If a stand-up desk isn't practical at your workplace, there are other ways to incorporate more activity into your workday, says Amanda Russell, a personal trainer in New York. “At the office, replace your chair with an exercise ball. Sitting on it forces you to stabilize your abs. Or take a break every couple hours and walk a few flights of stairs — it will help you energize and re-focus,” she says. “When you’re talking on the phone, don’t just sit there. Stand up, and pace around your room or office.”
These little changes add up: Even small amounts of movement such as drumming your legs increases your calorie burn above resting levels 20 to 40 percent.
The arrival of a new pet, especially a dog, has been shown to increase the owner’s activity levels. “Getting a pet, like a dog, will give you another reason to get out and get active,” Gray says. “Pets need activity, and actually can be your own accountability friend to get at least a short walk in daily. Even if the dog only forces you to get up and let it out without going for a walk, you will have burned more calories than if you sat in front of the television all day.”
Like walking by yourself, walking a dog can help burn around 200 calories for every half-hour of exercise.
Cleaning your home or apartment regularly is another way to ensure that you stay active during the week. “Cleaning your house can incorporate a variety of muscle groups without you even realizing it,” Gaspari says. “Dragging around a heavy vacuum isn’t an easy task, especially if you are going up and down stairs.” Gaspari recommends going a step further and trying to “squeeze your buns every time you take a step.” While you’re taking a break, try tightening your abdominal muscles for a period of time throughout each hour, he adds.
A 150-pound person can burn 85 calories per half hour through light cleaning, while vigorous cleaning burns 102 calories in 30 minutes.

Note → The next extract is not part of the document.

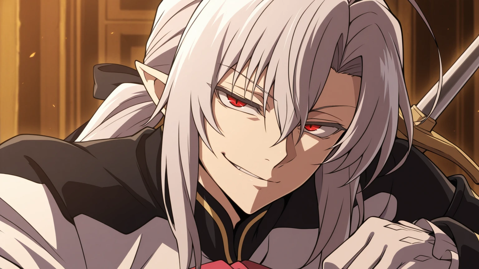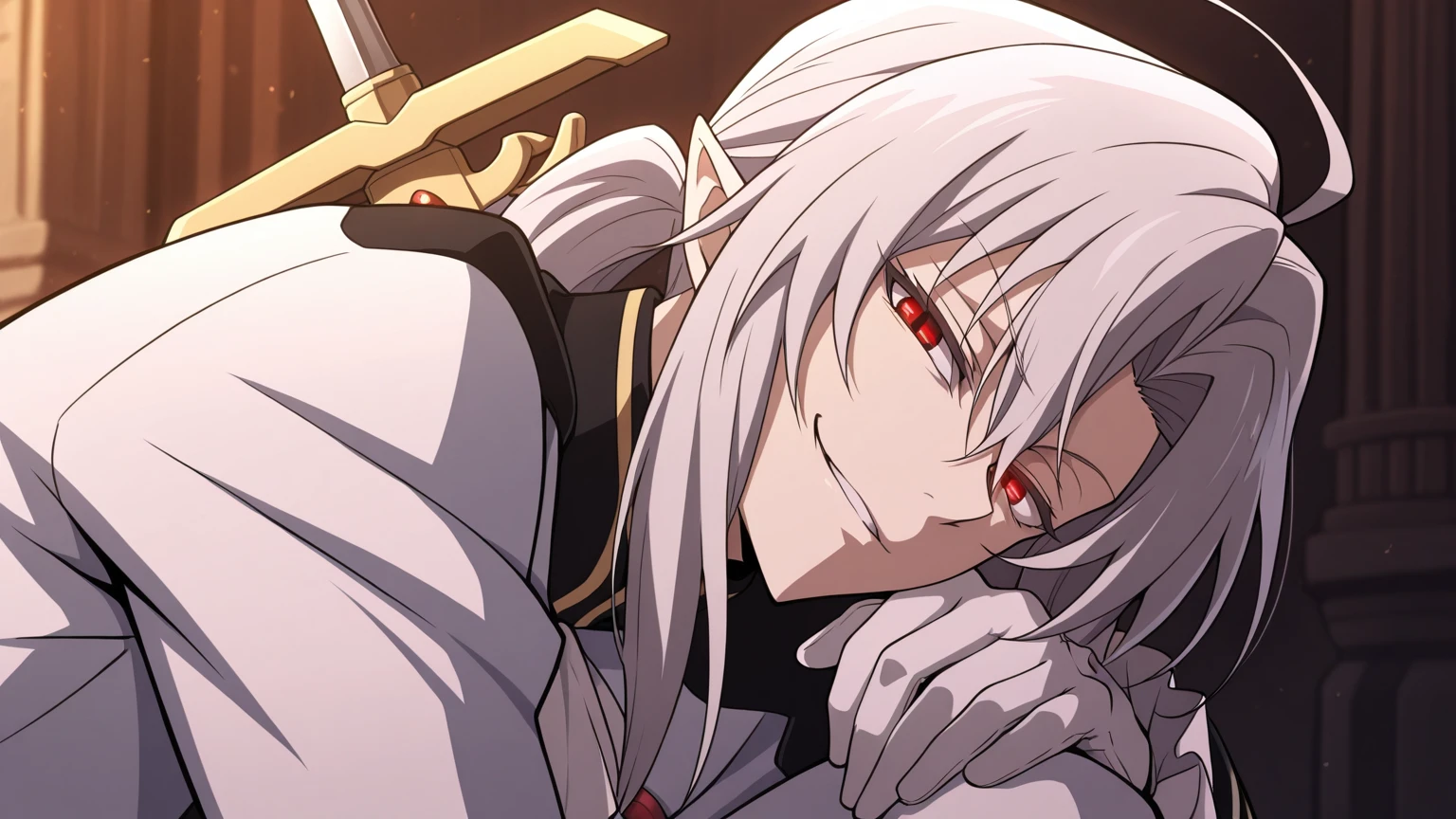 FeridBathory, silver hair, red eyes, Slit Eyes, ahoge, pointy ears

Most people don’t think of cooking as exercise, but preparing food at home certainly burns more calories — and usually causes you to consume fewer calories — than eating out or ordering in. “The best way to control what goes in your mouth is to plan ahead and have a home-cooked meal,” Gray says. “This way, you know exactly what went into your meal, and I guarantee it can be prepared faster and less expensively than making that extra stop at a restaurant. Do your shopping and cooking on days when you have more time. That way, you’ll have the meal on hand and can resist the temptation of unhealthy choices.”

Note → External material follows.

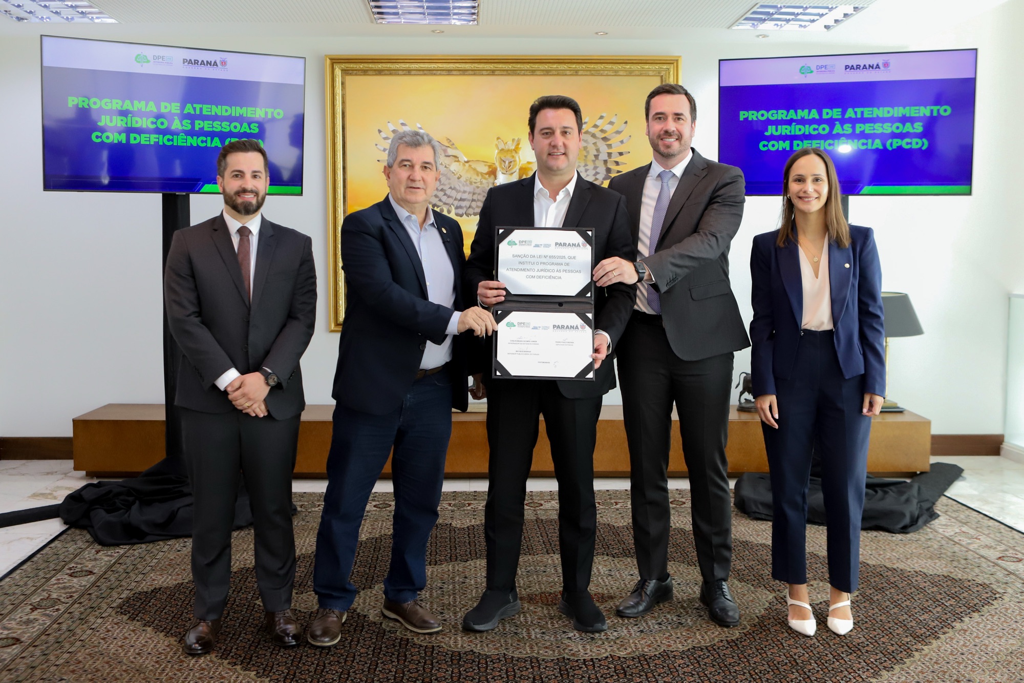 O governador Carlos Massa Ratinho Junior sancionou nesta quarta-feira (17) uma nova lei estadual que estabelece atendimento gratuito da Defensoria Pública do Estado do Paraná (DPE-PR) a Pessoas com Deficiência (PcD). A medida tem como objetivo ampliar o acesso desse público às políticas públicas e combater violações de direitos, com prestação dos serviços nos 399 municípios paranaenses, independentemente da renda dos solicitantes, desde que a demanda esteja relacionada à deficiência do cidadão. “Com muita alegria sancionamos essa lei que garante atendimento jurídico gratuito às pessoas com deficiência. É uma medida que demonstra o olhar do nosso governo para esse público, oferecendo amparo e assessoria em causas que antes exigiriam a contratação de um advogado”, afirmou Ratinho Junior O governador também ressaltou o caráter social e a ampla abrangência da medida. “Esse atendimento estará disponível em todo o Paraná, inclusive com integração às unidades do Poupatempo. A ideia é estar cada vez mais próximo das pessoas, seja por meio da tecnologia, com acesso pelo celular, seja em espaços físicos preparados para garantir esse suporte”, completou. O serviço é voltado para qualquer questão jurídica relacionada às PcDs, desde demandas sobre o acesso a políticas públicas até situações que configurem barreiras de participação plena na sociedade, como questões de saúde, educação, assistência social, previdência e trabalho. Também estão previstas ações em áreas como acessibilidade, cultura, lazer e esporte. Um dos diferenciais da legislação é que as demandas individuais ligadas à condição de deficiência ficam dispensadas de avaliação socioeconômica, etapa normalmente exigida para o acesso à Defensoria Pública. A medida coloca o Paraná em sintonia com a Convenção Internacional sobre os Direitos das Pessoas com Deficiência, a Lei Brasileira de Inclusão e o Estatuto da Pessoa com Deficiência do Estado. A DPE-PR trabalha para lançar o serviço até o fim de outubro, após a conclusão do processo de estruturação da equipe interna que atuará no atendimento ao público-alvo. O assessoramento poderá envolver tanto a busca pela resolução de questões judiciais quanto extrajudiciais. Segundo o defensor público-geral do Paraná, Matheus Cavalcanti Munhoz, ainda que Defensoria não esteja fisicamente presente em todos os municípios, o serviço será ofertado em todo o Estado, de forma 100% gratuita. “Estamos estruturando uma equipe especializada e adaptando nossas plataformas digitais para garantir um atendimento inclusivo e acessível”, explicou. Ele destacou que a medida abrange todas as situações relacionadas à deficiência. “Seja em casos de saúde, educação, mercado de trabalho, acessibilidade ou até de preconceito e capacitismo, a Defensoria estará preparada para atuar. O objetivo é assegurar que mais de 700 mil paranaenses com deficiência tenham acesso amplo e desburocratizado à Justiça e aos seus direitos”, concluiu Munhoz. A primeira subdefensora Pública-Geral, Lívia Martins Salomão Brodbeck e Silva, também participou da assinatura. O deputado estadual Pedro Paulo Bazana, que representou a Assembleia Legislativa na sanção do projeto, destacou o caráter pioneiro da iniciativa. “É uma conquista histórica, que coloca o Paraná como referência no Brasil. Mais de 700 mil pessoas com deficiência e suas famílias terão acesso gratuito à assessoria jurídica, garantindo direitos e oportunidades. Quando o Estado acolhe a PcD, toda a família é beneficiada”, declarou. ESTRUTURAÇÃO – Para garantir a execução da lei, a Defensoria Pública organizará uma estrutura específica subordinada ao Núcleo da Pessoa com Deficiência (Nuped). O texto sancionado prevê a criação de 10 novos cargos. As despesas decorrentes da lei correrão por conta de dotações orçamentárias da própria Defensoria. Também está autorizada a celebração de convênios, parcerias e acordos de cooperação técnica com órgãos públicos, instituições de ensino e entidades da sociedade civil, tanto para aprimorar o atendimento quanto para promover ações de capacitação e educação em direitos. O Nuped também atuará de forma coletiva, o que significa que, além do serviço para cada pessoa que acionar a Defensoria Pública, também poderá representar grupos ou todo o recorte populacional, inclusive com contribuições para a formulação e o aprimoramento de políticas públicas voltadas às PcD. De acordo com o defensor público Luis Gustavo Purgatto, que coordena o Nuped, a nova lei inaugura um ciclo inédito de acesso à Justiça no Paraná. “Estamos há dois anos estruturando o projeto e capacitando servidores, que está sendo concluído agora com a seleção e o treinamento da equipe para oferecer um atendimento acessível, inclusivo e tecnológico. Com isso, garantimos que todos possam exercer plenamente seus direitos, por meio de uma multiplicidade de canais de atendimento”, disse. ATENDIMENTO – O atendimento será prioritariamente remoto, por meio da plataforma Luna, que já dispõe de recursos de acessibilidade. Também haverá opções via telefone, e-mail ou presencialmente nas 30 sedes da Defensoria Pública no Estado. Quando não for possível garantir o atendimento integral de forma digital, será assegurado o suporte presencial na unidade mais próxima ao domicílio do solicitante. De acordo com dados do Instituto Brasileiro de Geografia e Estatística (IBGE), divulgados em maio a partir dos resultados preliminares do Censo 2022, 7,3% da população brasileira com 2 anos ou mais, ou seja, cerca de 14,4 milhões de pessoas, têm algum tipo de deficiência. No Paraná, esse grupo representa aproximadamente 6,4% da população, o equivalente a 732 mil pessoas.

Plus, thanks to activity such as standing, light lifting, and chopping, a 150-pound person can blast 78 calories in 30 minutes of cooking.
A coffee shop or bar is often where friends catch up. Instead of a sedentary get-together, though, why not switch to an activity that burns calories, like walking, dancing, or a Zumba class with a gab-fest afterward? “Rather than another night of drinks, which will pack on empty calories and likely lead to overeating later, suggest a walk outside with your girlfriends or opt for a yoga class and tea date,” she says.
Of these activities, dancing is the big calorie burner, zapping more than 200 calories for every half-hour on the floor.
Who says you have to sit idly on the couch during your favorite shows? Russell says you can make big strides by simply staying active. Try some jumping jacks, pushups, or other fat-blasting moves during commercial breaks. “Squeeze in exercise while watching TV or when the kids are napping,” Russell advises. “For example, aim to do two sets of push-ups and a round of abdominal exercises during commercials.”
If you want a bigger burn, keep up the light calisthenics for the whole 30-minute show, and blast 115 calories.